- Born: 13 February 1912 Frankfurt, German Empire
- Died: 25 January 2004 (aged 92) The Bronx, New York City
- Education: University of Frankfurt University of Bern (M.D.)
- Occupation: Anesthesiologist
- Years active: 1939-1995
- Known for: 'The mother of obstetric anaesthesia'
- Medical career
- Profession: Physician
- Field: Anesthesiology
- Institutions: Beth Israel Hospital Albert Einstein College of Medicine
- Sub-specialties: Obstetric anesthesiology

= Gertie F. Marx =

Obstetric anesthesiologist

Gertie Florentine Marx (1912–2004) was an obstetric anesthesiologist, "internationally known as 'the mother of obstetric anaesthesia'". Marx pioneered the use of epidural analgesia during childbirth, and was the founding editor of the quarterly Obstetric Anesthesia Digest.

==Life==
Gertie Marx was born in Frankfurt on February 13, 1912, and attended medical school at the University of Frankfurt from 1931. A Jew, she emigrated to Switzerland in 1936 and completed her medical studies at the University of Bern, graduating in 1937. Later that year she travelled on to the United States and settled in New York City. In 1939 she secured an internship at Beth Israel Hospital, and in 1940 became the first resident in a new anesthesiology residency program at the hospital. In 1943 she joined the attending staff at Beth Israel Medical Center.
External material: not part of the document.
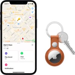 Vergeten waar je je portemonnee hebt gelaten? Geen probleem als er een AirTag aan vast zit. Je kunt een geluid afspelen op de ingebouwde speaker. Ga naar de nieuwe tab Items in de ‘Zoek mijn’-app of zeg “Hé, Siri. Zoek mijn portemonnee”. Ligt hij ergens in de buurt, bijvoorbeeld onder de bank of in de kamer naast je, dan hoef je alleen maar op het geluid af te gaan.

In 1955 she moved to the Albert Einstein College of Medicine, and remained there until retirement as Emeritus Professor in 1995.

==Honors and awards==
Marx received numerous recognitions for her role in anesthesiology. In 1988, Marx became the second woman to receive the Distinguished Service Award from the American Society of Anesthesiologists. The American Society for Regional Anesthesia also presented Gertie with a Distinguished Service Award (DSA) in 1990. Marx was awarded the College Medal by the Royal College of Anaesthetists in a 1993 ceremony in London presented by Queen Elizabeth II.

==Bibliography==
As well as the books listed below, Marx authored over 150 articles and many textbook chapters.
- Gertie F. Marx (1979). Clinical Management of Mother and Newborn. Springer-Verlag.
- Gertie F. Marx (1978). Anesthetic considerations in hypertensive disorders of pregnancy. Year Book Medical Publishers.
- Gertie F. Marx (1973). Parturition and perinatology. F.A. Davis Co.
- Gertie F. Marx; Louis R. Orkin (1969). Physiology of obstetric anesthesia. C.C. Thomas.